Cast: James Stewart, Kim Novak
Synopsis: An ex-detective with severe acrophobia (the fancy name for vertigo) is hired to follow and investigate a man’s wife who has begun to act very strangely….that’s when shit gets cray.
Vertigo, along with Psycho, is considered by many to be Alfred Hitchcock’s crowning glory. I had never seen it myself, much to the chagrin of some of my Bay Area friends. Last night I decided to take the plunge after getting in the mood for a challenging cerebral thriller. I can now safely say that I know why so many people revere it so highly: Vertigo is a brilliantly drawn out tale that grabs you, mesmerizes you, and disorientates you with shocking use of color and lighting, creating illusions of depth. This movie is made for people who smoke weed.
There are lots of visually stunning moments in Vertigo, from the sinister use of spirograph in the opening to the trippy dream sequence, but it’s the dramatic use of San Francisco that really stands out. The city is absolutely stunning and Hitchcock clearly took care to present the city in all its glory: the architecture, the sweeping skylines and views of the bay, the rolling hills, and the innate beauty of the Golden Gate Bridge. Although the San Francisco presented in the movie is a world apart from the San Francisco I came to know and love, it still resonates with me and it was a pleasure to see familiar sights and scenery. What made me laugh, though, was the demonizing of the incoming wave of liberalness by the high society figures featured in the movie. Of course, this was filmed just before the hippy movement and it made me wonder what the characters think if they saw San Francisco now during the Folsom Street Fair for instance.
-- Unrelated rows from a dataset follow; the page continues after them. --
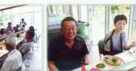
普段の3倍は 食べられる〜♪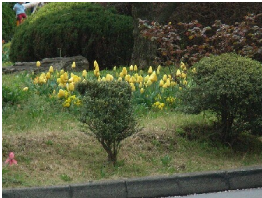
帰り道には満月が。。。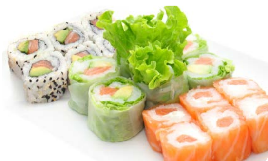
MM7 MAKI 3 COULEURS 18.90€ soupe, salade 6 maki printemps saumon avocat, 6 saumon roll saumon cheese, 6 california saumon avocat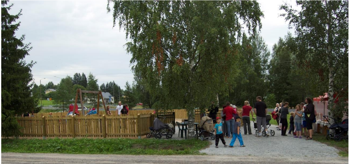
Kuva 8. Tapahtumaan saapuvaa väkeä. (Nikander Minna, 2011).

tyksessä, satuhahmojen karkkien jaossa, nurmialueen aktiviteettien järjestämisessä sekä ollen apuna muissa käytännön järjestelyissä sekä kyselyissä. Itse toimitin puistoon mm. pöydän, tuolin, karamellit ja kilpailun järjestämiseen liittyvät tavarat. Alku sujui hienosti, suunnitellusti ja ajallaan.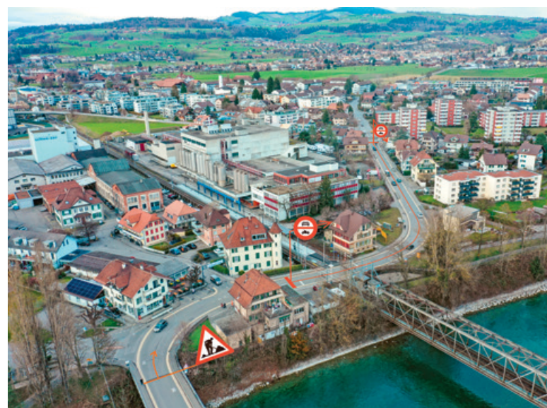
Die Schwäbisstrasse Süd aus der Vogelperspektive.

Ebenfalls seit 4. März führt die Fernwärme Thun AG in der General-Wille-Strasse Arbeiten an der Fernwärmeleitung aus. Die General-Wille-Strasse ist deshalb nur einspurig in Richtung Burgerstrasse befahrbar. Diese Arbeiten stehen nicht im Zusammenhang mit dem Werkleitungsbau in der Schwäbisstrasse Süd.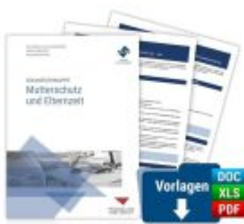
Dokumentenmappe Mutterschutz und Elternzeit Ladenpreis: 144,10EUR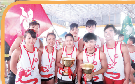
本校龍舟隊在澳門國際龍舟邀請賽中獲得國際公開組500米乙組亞軍及國際女子組500米乙組冠軍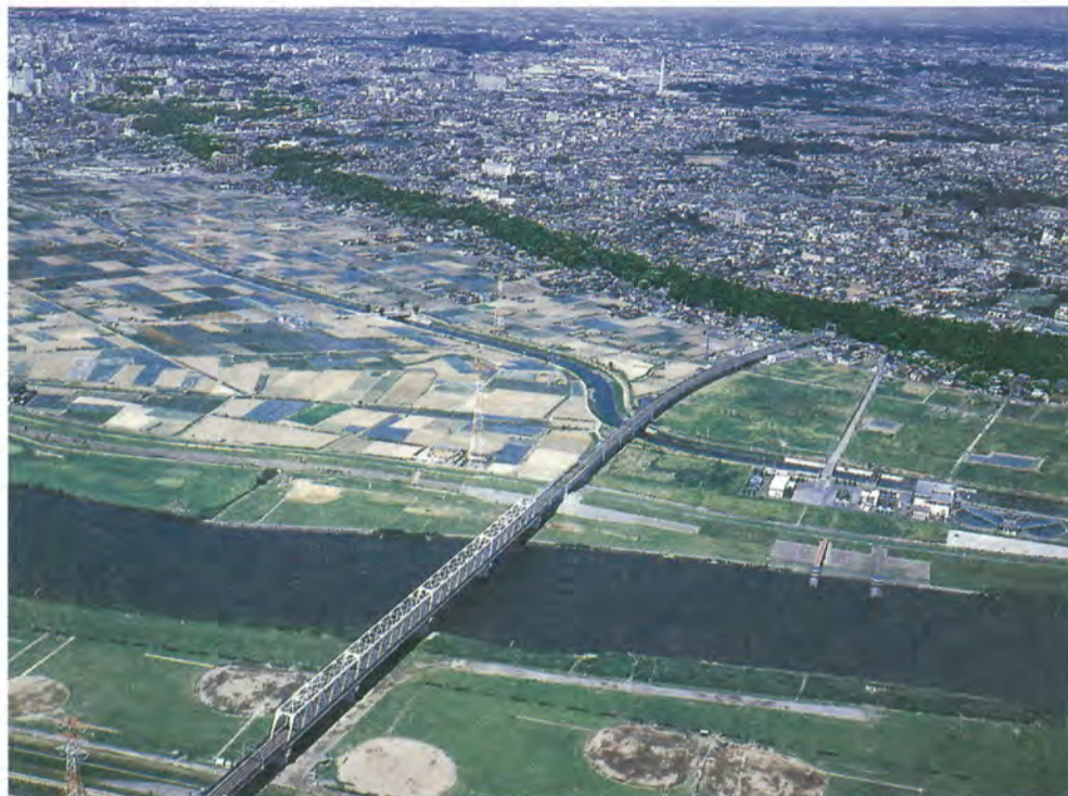
空から見た江戸川河川敷と矢切地区の斜面緑地帯（平成11年撮影）

発行：松戸市 編集：総務企画本部広報課 〒271-8588 松戸市根本387-5 TEL.047-366-1111 FAX.047-363-3200 e-mail mcity@intership.ne.jp URL http://www.intership.ne.jp/matsudo/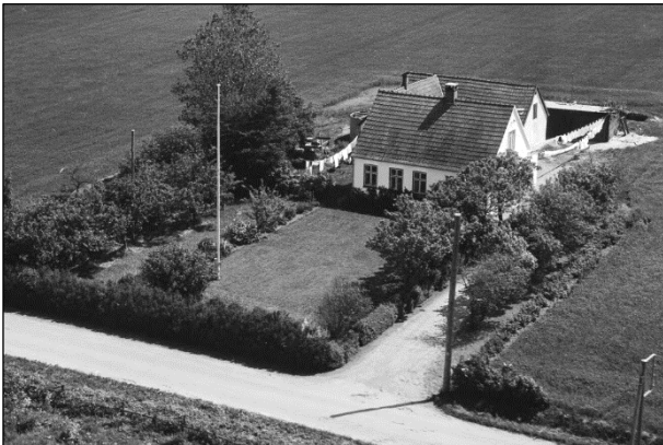
Østergaard - Luffoto 1955 Ejendommen beliggende på matr.nr. 36-d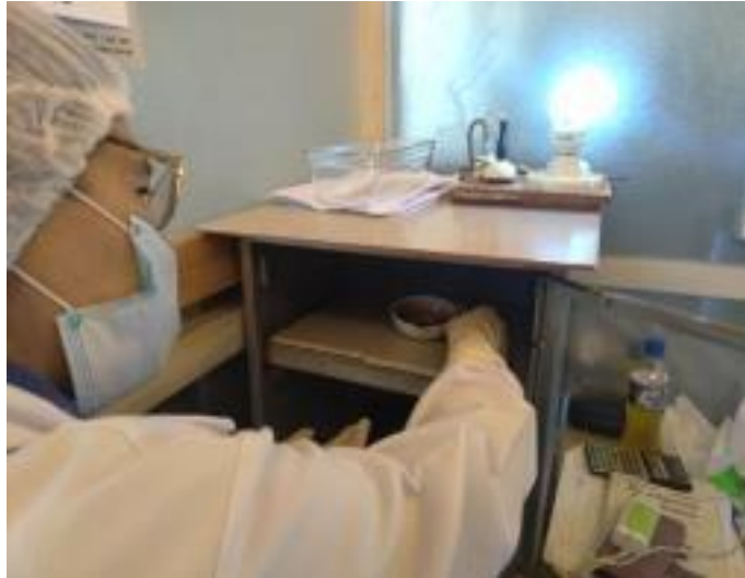
Fotografía N° 11: Proceso de secado de la melcocha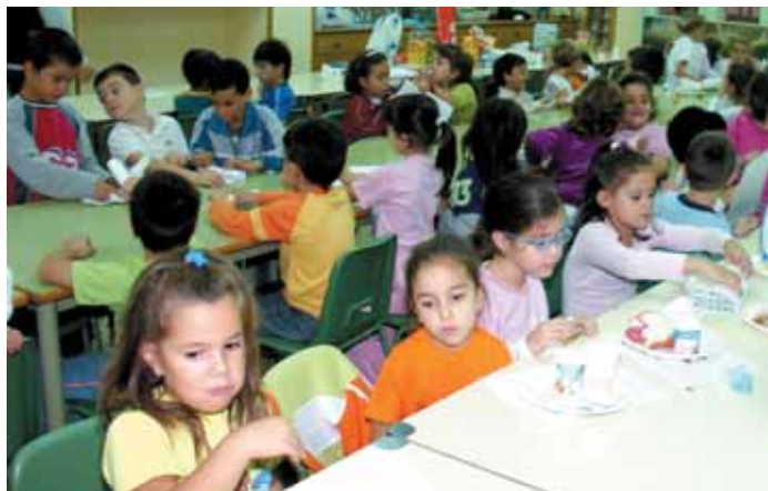
ALUMNOS DEL COLEGIO SANTA CATALINA, ACABANDO DE DESAYUNAR

Would their heads explode if they saw all the leather daddies in ass-less chaps or a porn star getting pissed on and railed by a group of guys in the doorway of a local bar? Yes, that did actually happen. One can only guess their response but I thought that the movie presented an interesting temporal snapshot of a city I love very dearly; just like Chinatown did for Los Angeles.
The visuals are not the only engaging feature of this movie. The plot is well crafted and takes you on many twists and turns. I will say this: the major twist is pretty fucked up. In fact, all the characters (including Jimmy Stewart) are pretty fucked up. Maybe not in an Oldboy fucked up kind of way but still fucked up nonetheless. I just used the words ‘fucked up’ quite a lot but I thought it was necessary considering that those two words are scrawled over my notes repeatedly. Although many might find the story to be quite tame by today’s standards, I thought that the movie had a brilliant simplicity to it. It wasn’t difficult to follow but it gave me enough to think about. In that regard, Hitchcock truly was a master of suspense. He was able to give the audience just enough to keep them guessing but didn’t confuse them too much. Then, all of sudden, the twist hits you and it all falls in to place. It’s story telling at its most spectacular.
Of course, the film is not perfect. At times I felt that there was a tendency for the actors to become a little too melodramatic and sometimes the movie played out more like a stage play than an actual movie. However, these criticisms are minor and do not detract from the fact that this is an amazing piece of cinema that everybody should watch.
- The scene where we are introduced to Kim Novak’s character is one of the best things I have ever seen in a movie. The music, the color, the camera work is just beautiful. I ended up watching it about 4 times.
- The film’s use of light and shadow to disorientate the viewer by creating misleading levels of depth was inspired.
- Gorgeous scenery and an intriguing story.
- Kim Novak’s eyebrows. Actually, at times I wanted to punch her catlike face. It’s a shame because it was distracting me from the good job she was doing with the acting.
- The kissing scene was horrible, but that’s more to do with censorship at the time the film was made than anything done by the actors or director.
Vertigo should be mandatory viewing for film students and film enthusiasts in general. It’s not perfect but it is damn close. The movie itself is quite long so I’d recommend seeing this by yourself as you might get fidgety and restless if you’re with a group. With respect to strains, you will need one that is heavy on sativa. That way you are fully susceptible to Hitchcock’s manipulation, thus ensuring a wonderful cinematic experience.